The original concept for this post was to spotlight twitter feeds borrowing material from Charles Bukowski. Hank is the beer bard of Los Angeles. He is a hero to many. Out of the millions of worthless drunks populating bars, at least one could write poems. It gives you hope for mankind.
The front page of a google search for “charles bukowski on twitter” yields eight feeds. The original plan was to ignore any that were not updated in 2012. An exception will be for @hank_bukowski (Yeah it’s good to be back). (January 25, 2009)
“Yesterday I met Adolf H. in hell. He is fuckin stupid.” “too lazzy these days, too drunk to twitter”.
With the 2012-only rule in effect, we are left with three Bukowski thieves. @BukowskiDiz (May 1)

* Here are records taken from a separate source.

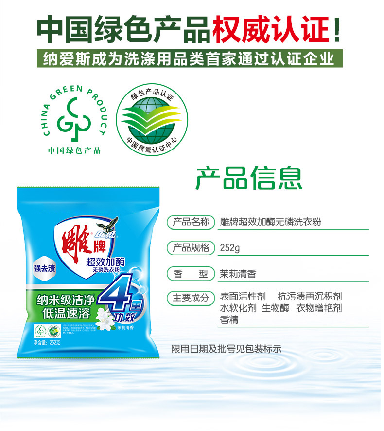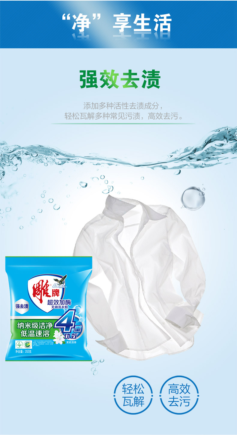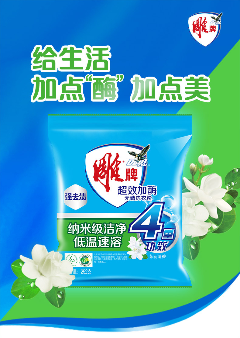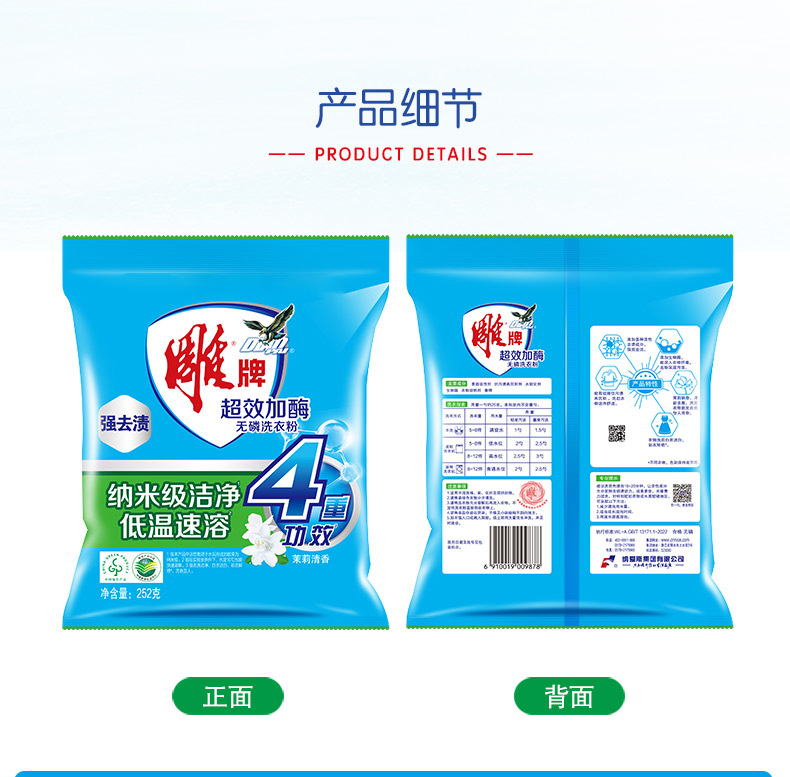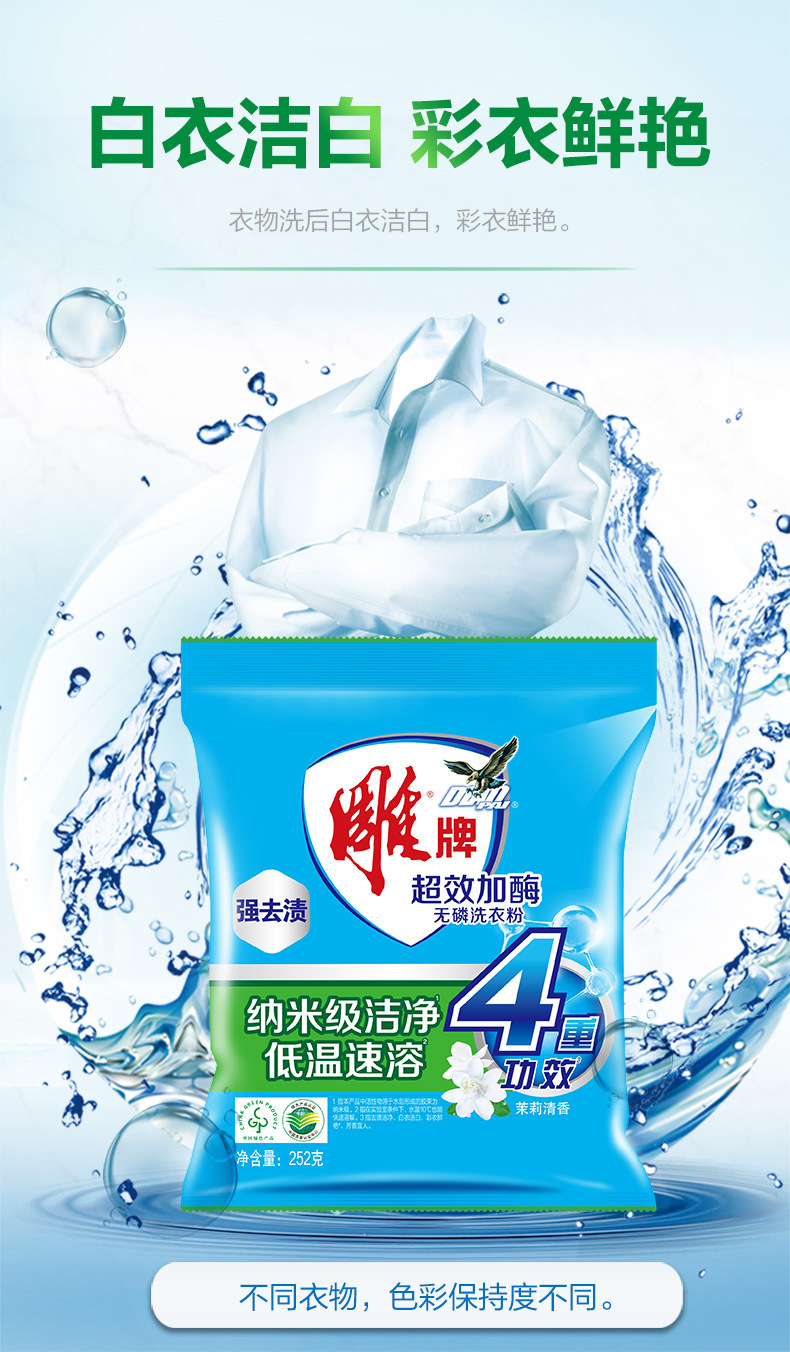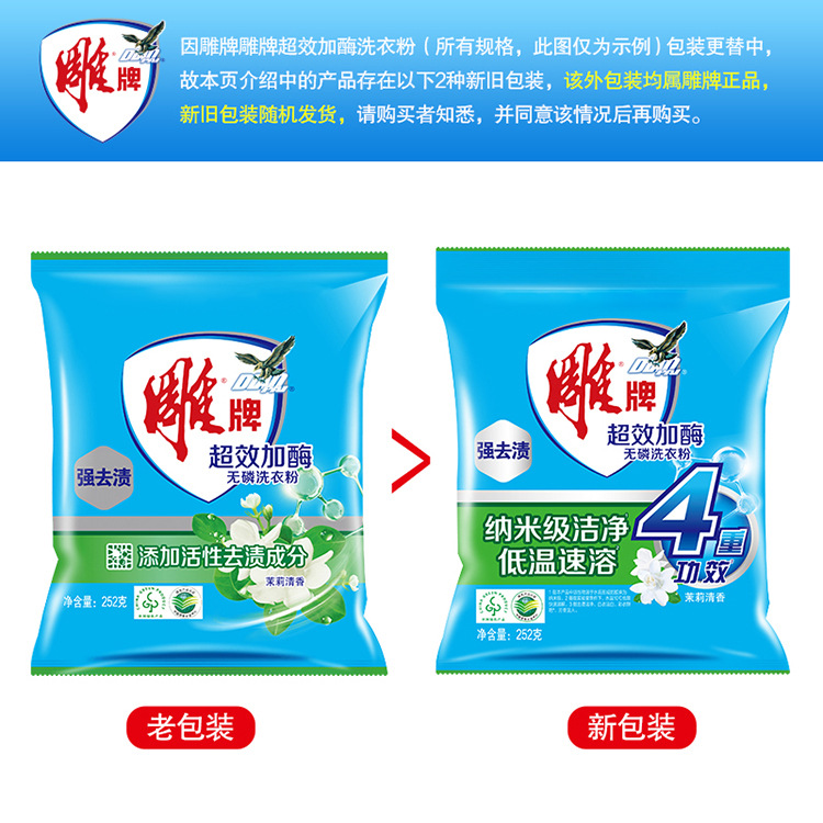 Бренд Diao стиральное средство суперэффект плюс фермент 252 г пакетик без фосфора глубокое удаление пятен чистка бытовая охрана труда оптовая продажа подлинная
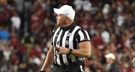 In the midst of the scrum, a flag went up from Big 12 referee Mike Defee — starting at the one-hour mark before the game kicks off, officials have the discretion to call a penalty in such situations.
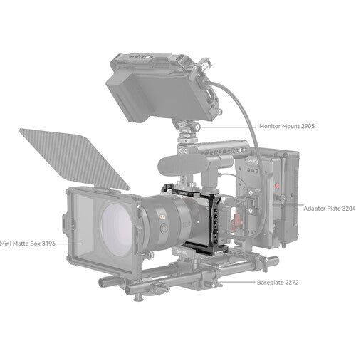 The lightweight Camera Cage from SmallRig provides accessory mounting and protection for your a7C mirrorless camera. The camera mounts onto this formfitting aluminum cage with an integrated 1/4"-20 camera mounting screw, anti-twist pins, a side lock, and padding on the base, incorporating a full-featured anti-twist design to protect the camera. It maintains access to the camera's controls and hot shoe, and it features a variety of mounting options.
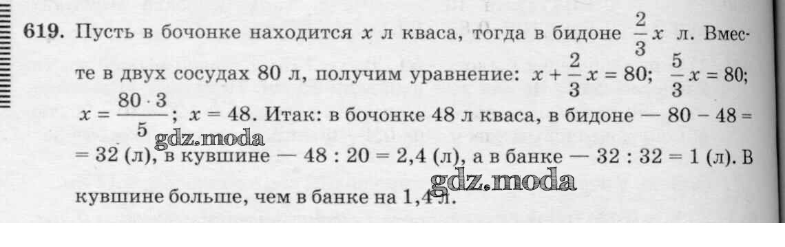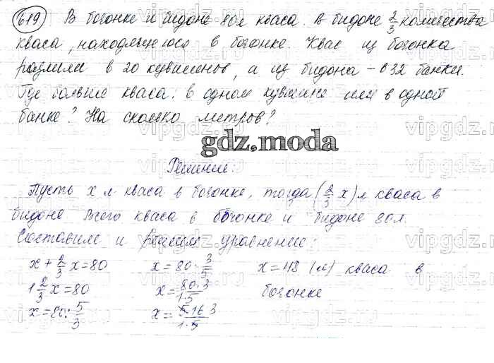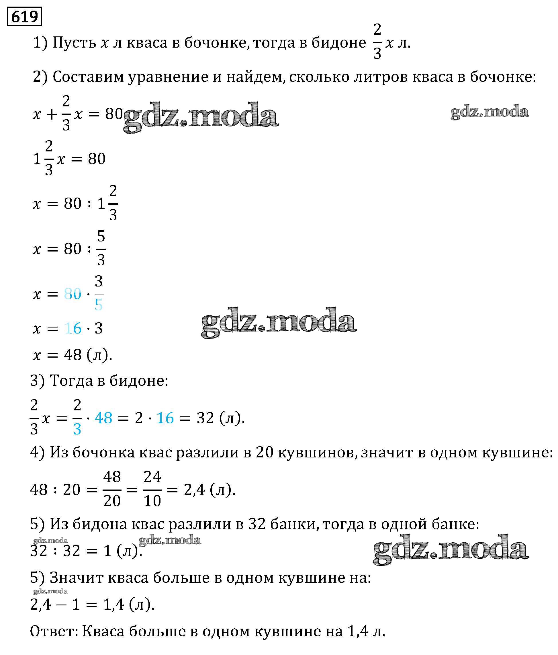 ОТВЕТ на задание № 619 Учебник по Математике 6 класс Виленкин
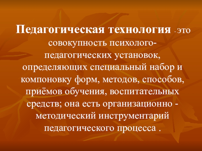 Слайд 8Педагогическая технология - это совокупность психолого-педагогических установок, определяющих специальный набор и
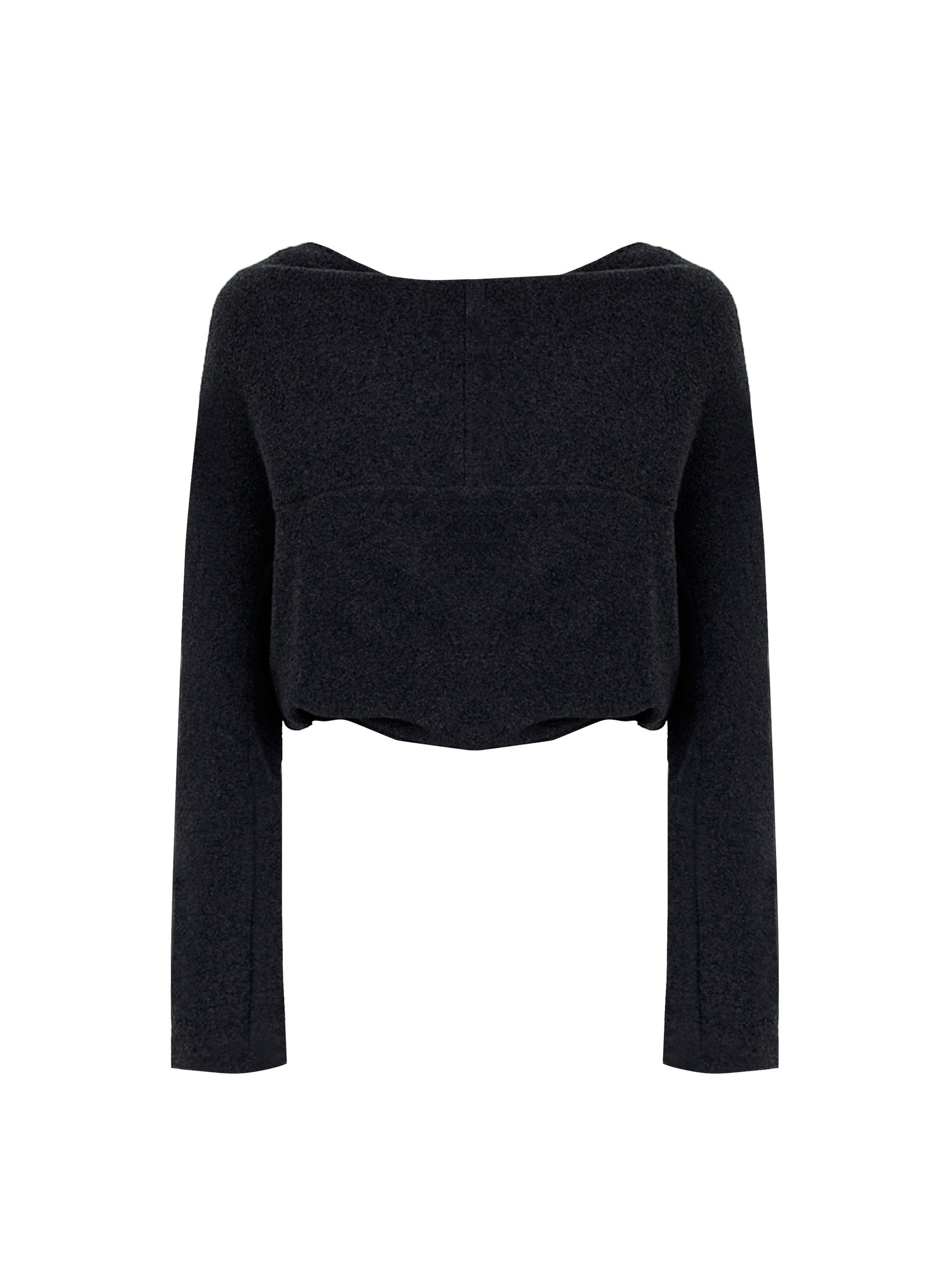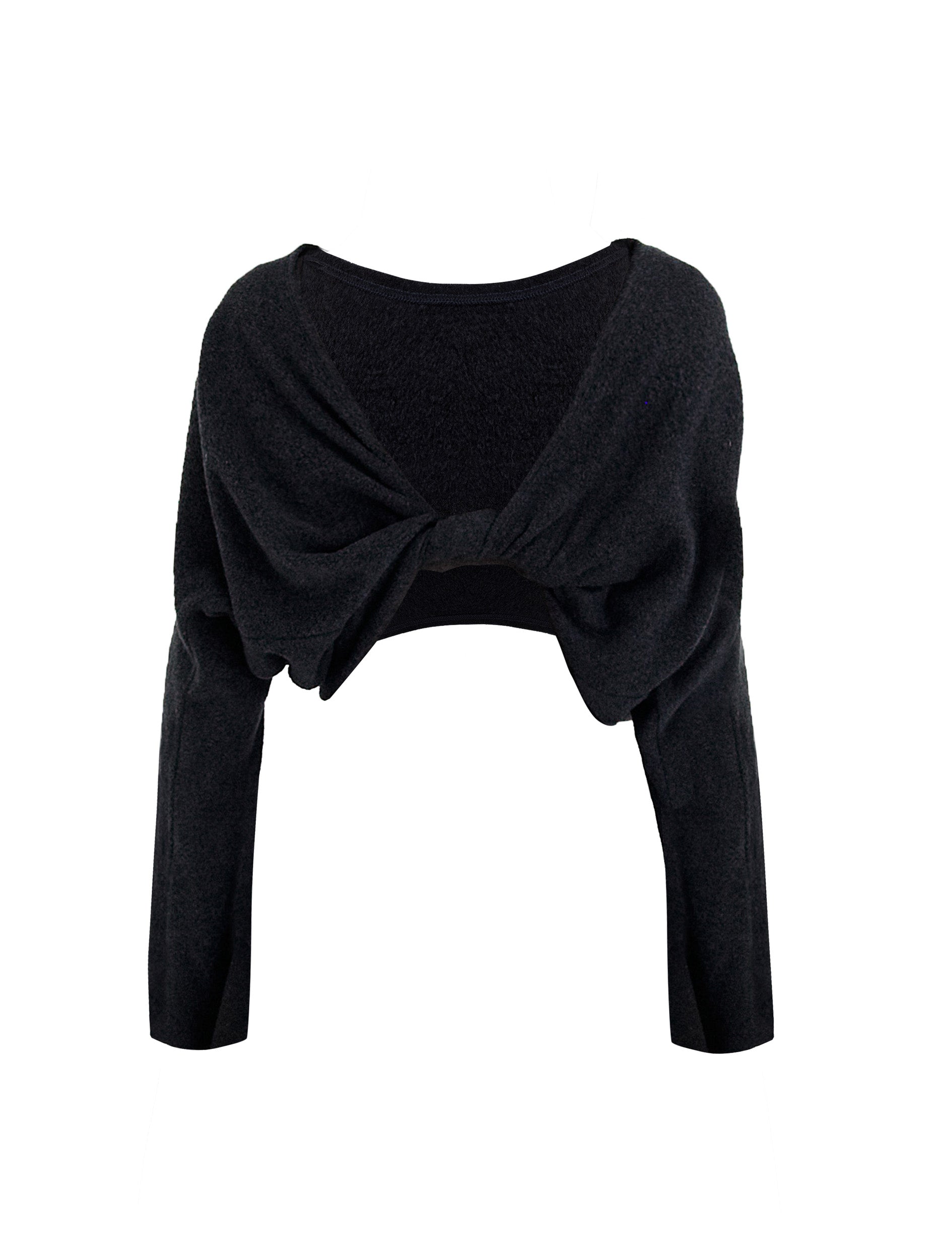 Crafted from a soft and cozy fleece fabric, this piece is lightweight, fluffy, and gentle against the skin. The relaxed poncho-style cut features extra-long sleeves that reach the hands, while the back is designed with a twisted knot detail. It can be worn front or back, offering the option of an avant-garde asymmetric look or a wrapped shawl-like silhouette. Effortlessly layered over fitted knits, shirts, and more, it serves as a distinctive highlight in autumn and winter styling.
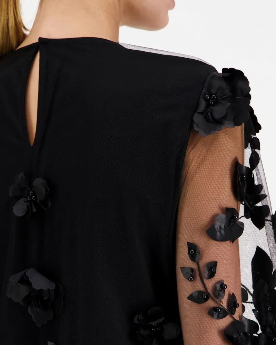 PBO Alessio mekko on elegantti maksimekko, jonka erottuvana yksityiskohtana on kolmiulotteinen kukkaprintti sekä läpikuultavat hihat, jotka lisäävät juhlavuutta. Mekossa on kiinteä vuori, mikä takaa miellyttävän käyttökokemuksen. Näyttävä valinta juhlaan!
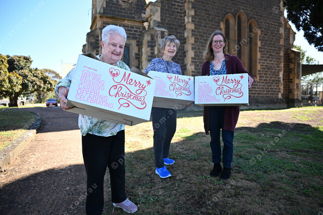 Bacchus Marsh Uniting Church will be a pick up and drop off point for the adverse advent calendar initiative. Pic of church members: Iris Blythe, Margaret Murphy and Kylie Lumb. (Damjan Janevski). 513789_03
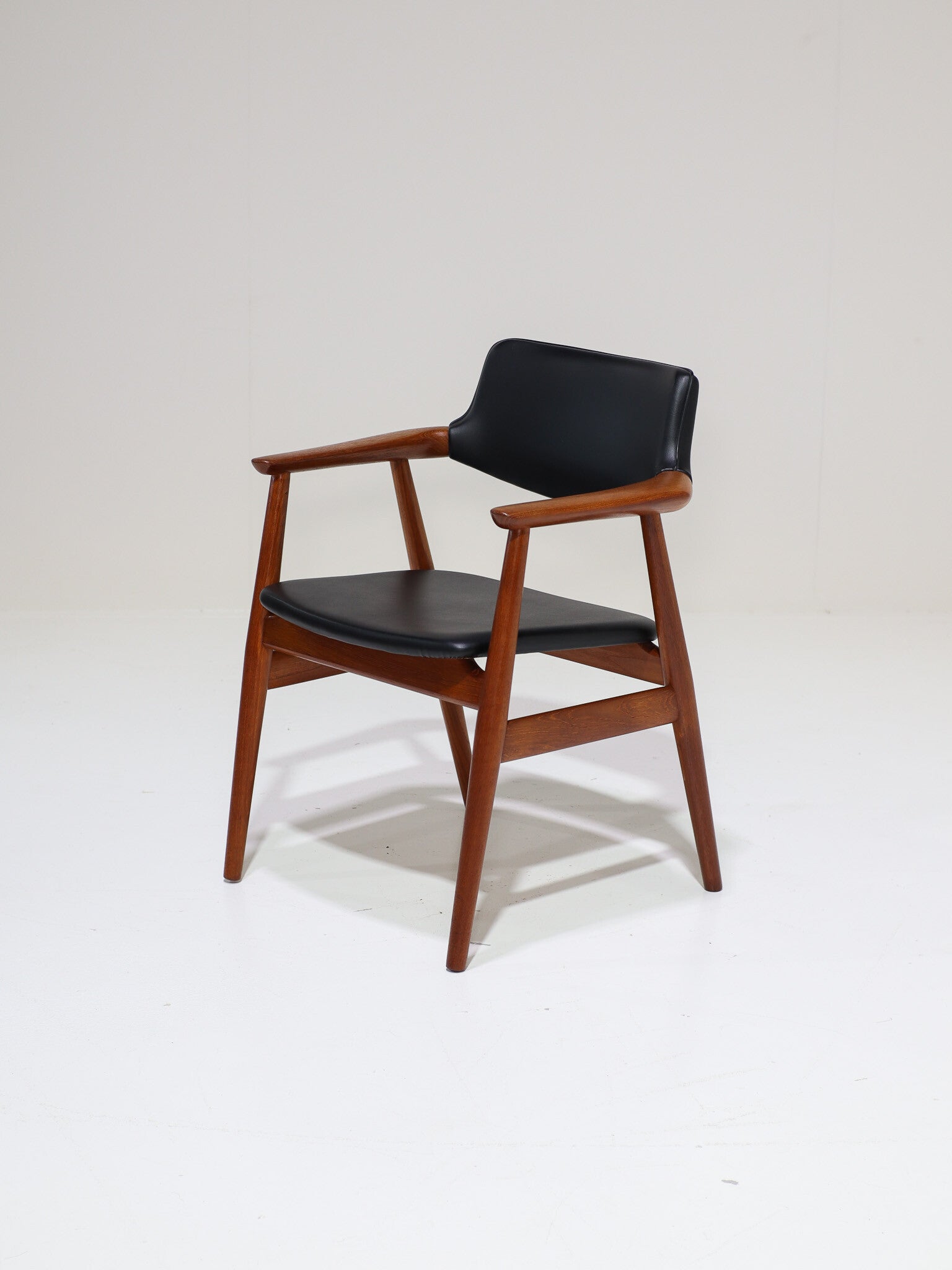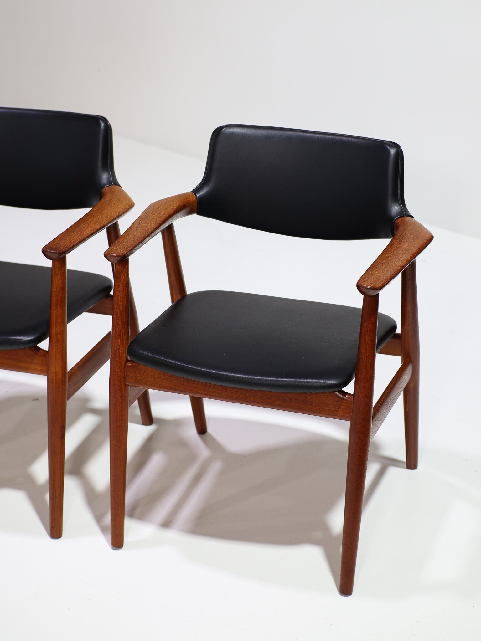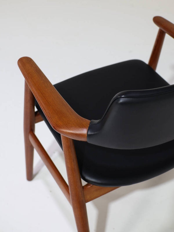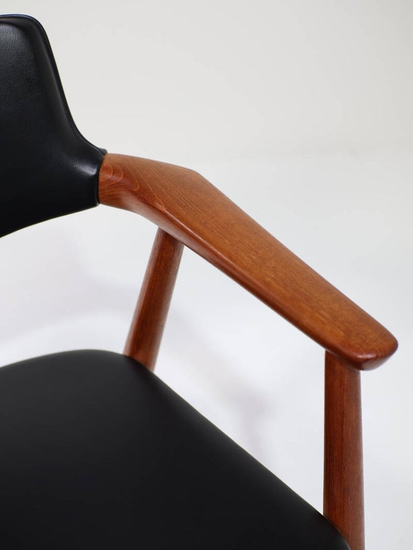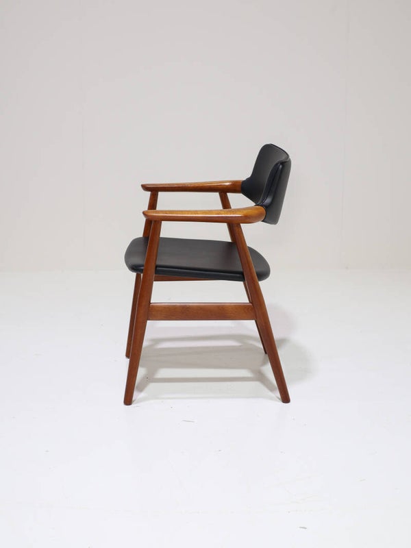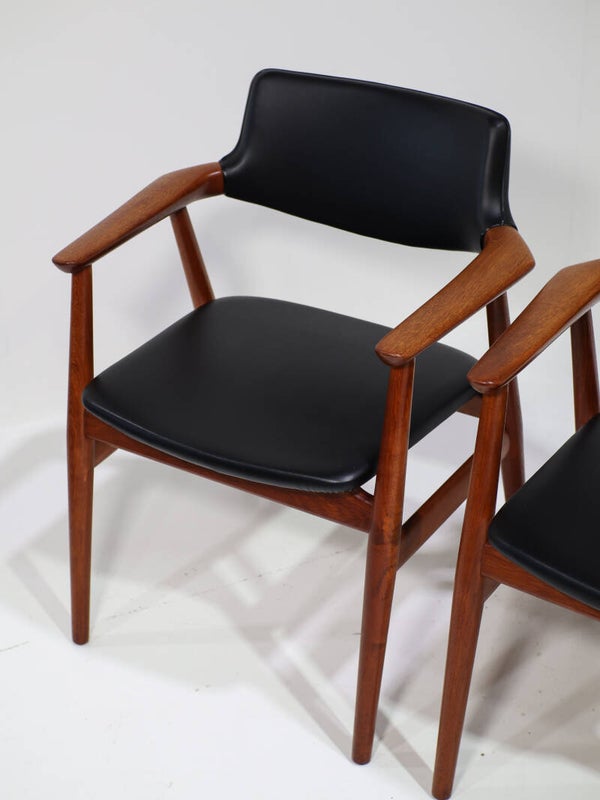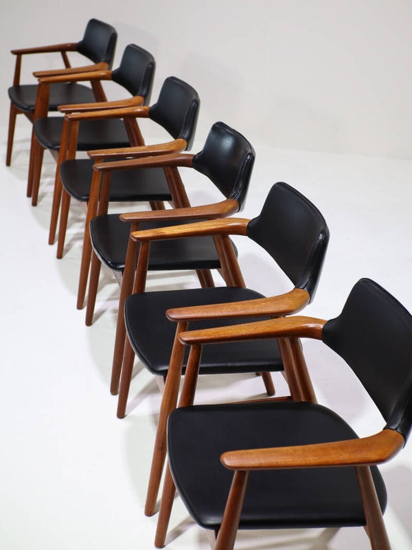 Zeldsame set van 6 'GM11' eetkamerstoelen met armleuningen ontworpen door Svend Åge Eriksen voor Glostrup Møbelfabrik in Denemarken, jaren '60. Deze armstoelen zijn gemaakt van teakhout en hebben zwart skai leren bekleding op de zitting en rug. Het frame is prachtig vormgegeven met organische vormen, verfijnde details en de perfecte verhoudingen. Pure vakmanschap! Een tijdloos, hoog kwalitatief design dat niet alleen erg stijlvol is, maar ook veel ondersteuning en comfort biedt voor gezellige lange avonden aan tafel.

“Curiosidades sobre Charles Bukowski http://migre.me/8UhRf“. @bukquotes (May 8) “all the mules and drunken ladies gone the bad novels march…”. ~ “I always read when I shit and the worse the book the better the bowel movement.” @bukowski_lives (one hour ago) “Basically, that’s why I wrote: to save my ass, to save my ass from the madhouse, from the streets, from myself.”
Pictures are from The Library of Congress. This is a double repost. Another repost may be published later. This is probably it for this year.